Time for CEOs to Stop Enabling China's Blatant IP TheftTime for CEOs to Stop Enabling China's Blatant IP Theft
Protecting intellectual property in the name of US economic and national security should be part of every company's fiduciary duty.
September 17, 2020
Does the Chinese government steal technology from US companies? That was the question before four of the most powerful tech CEOs on the planet earlier this summer.
Jeff Bezos, Sundar Pichai, and Tim Cook all denied firsthand knowledge of such schemes. Only Mark Zuckerberg was willing to note that Chinese theft of technology from American companies was "well documented."
Zuckerberg is right, and his willingness to admit it marks a sea change in how US companies have approached business in China. That the other three dodged the question, however, shows that many businesses still value profit at all costs.
What are those costs, exactly?
In 2018, the US Trade Representative found that Chinese theft of American intellectual property (IP) costs between $225 billion and $600 billion annually. The FBI is investigating 1,000 cases of Chinese IP theft. The push for profit at all costs has resulted in lawsuits, damaged competitiveness, and if a company competes for federal government contracts — as Google and Amazon do — it can also be a matter of national security.
The definition of shareholder value needs to shift. Instead of pursuit of profit at any cost, protecting IP in the name of US economic and national security should be part of every company's fiduciary duty to shareholders. And that means shutting the door on China's rampant hacking and theft of US companies' technology. Too many companies are still either ignorant or neglectful of their cybersecurity.

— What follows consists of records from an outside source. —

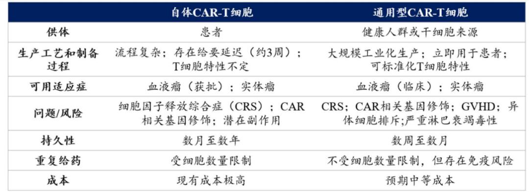 图片:自己CAR-T和通用CAR-T的区别,来源:东吴证券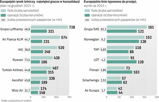 Charakterystyką branży lotniczej na naszym kontynencie jest istnienie trzech dużych grup – Lufthansy, Air France-KLM oraz IAG, gdzie najsilniejsze są British Airways oraz wielu przewoźników średniej wielkości, linii takich jak SAS, LOT, Norwegian, Tarom, Agean, Air Baltic, Finnair, TAP i powstałej z upadłej Alitalii linii ITA. Większość z nich raczej wcześniej niż później dołączy do lotniczych potęg.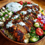 Hi, I’m Sam from dishfoody.com, where fresh Mediterranean flavors meet easy meal prep. If you’re tired of boring lunches or heavy dinners, these Greek Chicken Bowls offer a vibrant, protein-packed meal with tender marinated chicken, crisp vegetables, tangy tzatziki, and wholesome grains.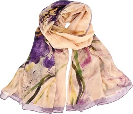 Floral-Print-Scarf for Womens – Classic-Chiffon-Wrap-Shawl Long Lightweight Sunscreen Scarf(19.6”×63”)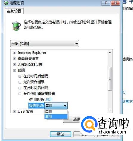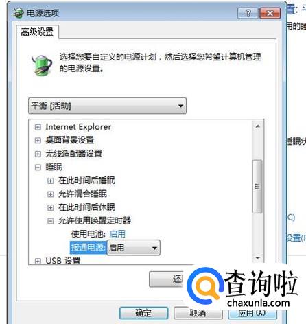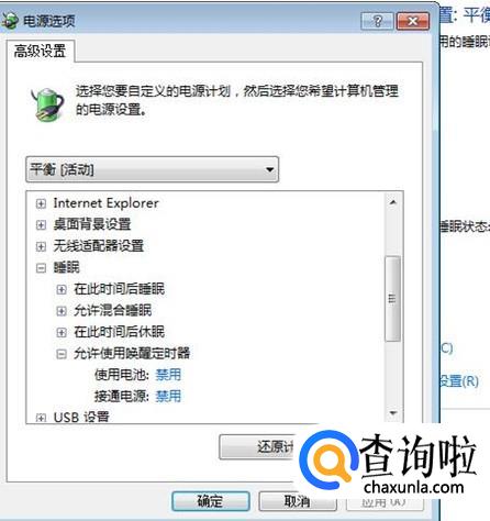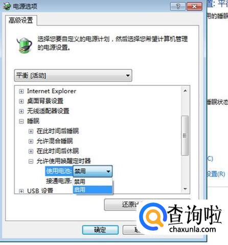 在中间的列表里点一下“睡眠”前的加号,在下面出现的列表里点一下“允许使用唤醒定时器”前的加号。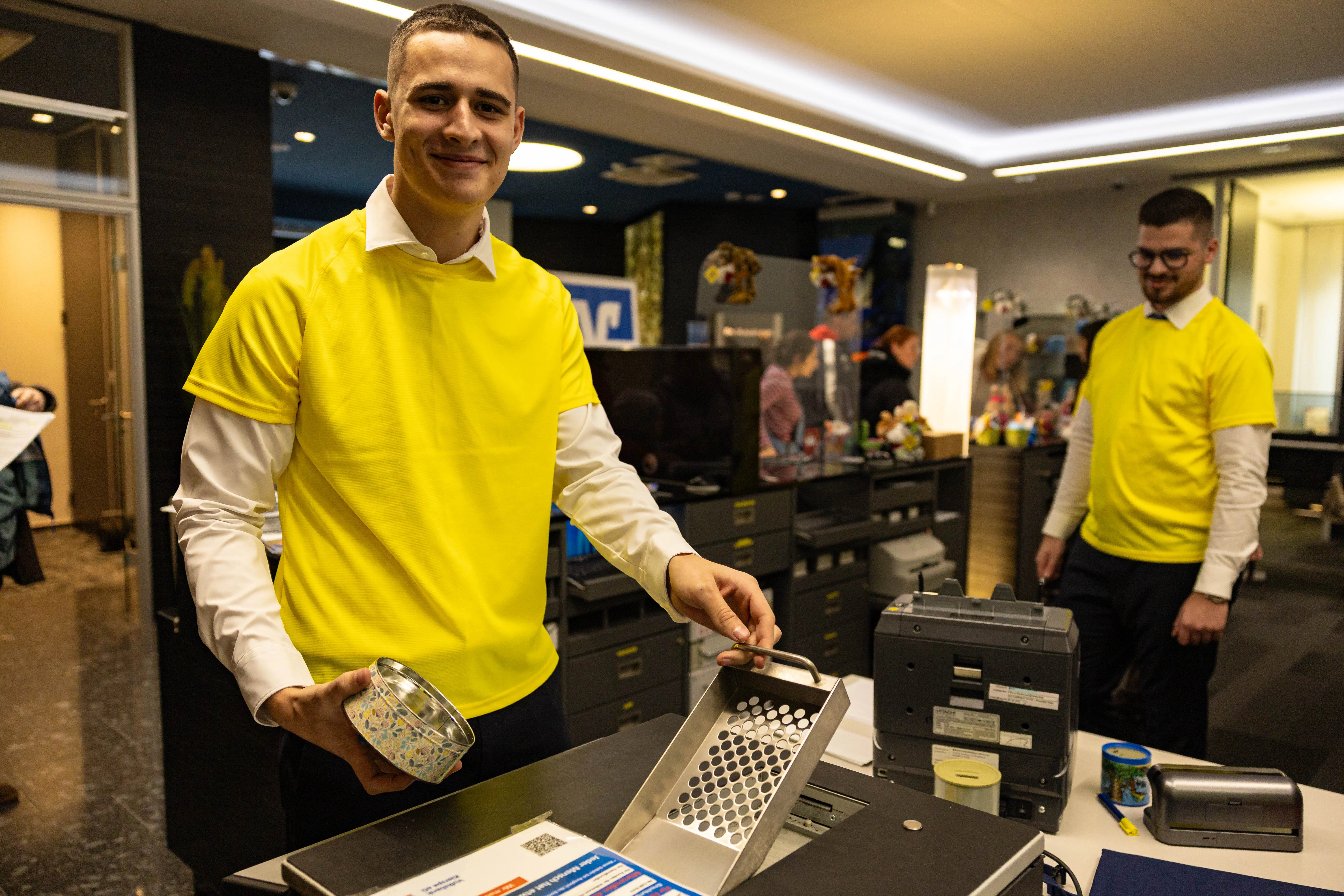 Genau wie bei der Volksbank gab es auch bei der Sparkasse für jede Einzahlung ein kleines Geschenk. Mit rund 1800 Einzahlungen rechnete Sonja Berges für die beiden Standorte über beide Tage.

Here are two ways we can change that and better guard American innovation from the Chinese hackers working so diligently to steal it.
Transform the Boardroom
When you look at board member profiles, it's rare to see anyone with any kind of IT savvy, let alone a cybersecurity background. With all the press around data breaches and advanced persistent threats, with the results of these attacks starting to show up in public filings, it's clear cybersecurity should not only be a board-level concern but should influence the very composition of the board.
Instead of having a CISO show up quarterly to offer the board a report, companies should have a former CISO on the board. Perhaps there should even be a requirement that public companies have at least one member of the board with deep expertise in cybersecurity.
Lacking that board-level expertise leaves many businesses ignorant of one of the biggest risks they face: A cyberattack that not only disrupts the business but results in the loss of IP.
Take a New Perspective on Compliance
Multinational businesses are drowning in regulatory requirements from GDPR and CCPA to PCI DSS and the new CMMC. From international rules to state data breach laws, companies have so much to comply with that they develop a check-box mentality around cybersecurity.
The philosophy is that if they follow the rules and pass their audits, they're fine. If a company has a credit card breach, it can produce five years of successful PCI DSS audits to show it did what it was supposed to do. This is a focus on compliance for compliance's sake, instead of on actual operational security.
The two don't have to be mutually exclusive, but it does take thought and effort to align day-to-day operations with compliance. The board often doesn't see the gulf between the two. They see red, yellow, and green on a presentation slide about compliance and ask questions about the speed of audits. With more cybersecurity expertise on that board, it can start digging deeper and support the marriage of regulatory compliance with day-to-day operations.
Why Protecting IP Is the New Imperative
Whether by ignorance or negligence, many American companies have become victims of China's IP theft. But a desire for profits over protection may be reaching its end.
The world is waking up to the blatant IP theft China has perpetrated for years and the damage it leaves in its wake. If you're not working to harden your security, to ensure your board has at least one member who's an expert in cybersecurity, and to ensure compliance isn't just a checked box but an operational security stance, you're ultimately not serving your stakeholders, your business, or your country.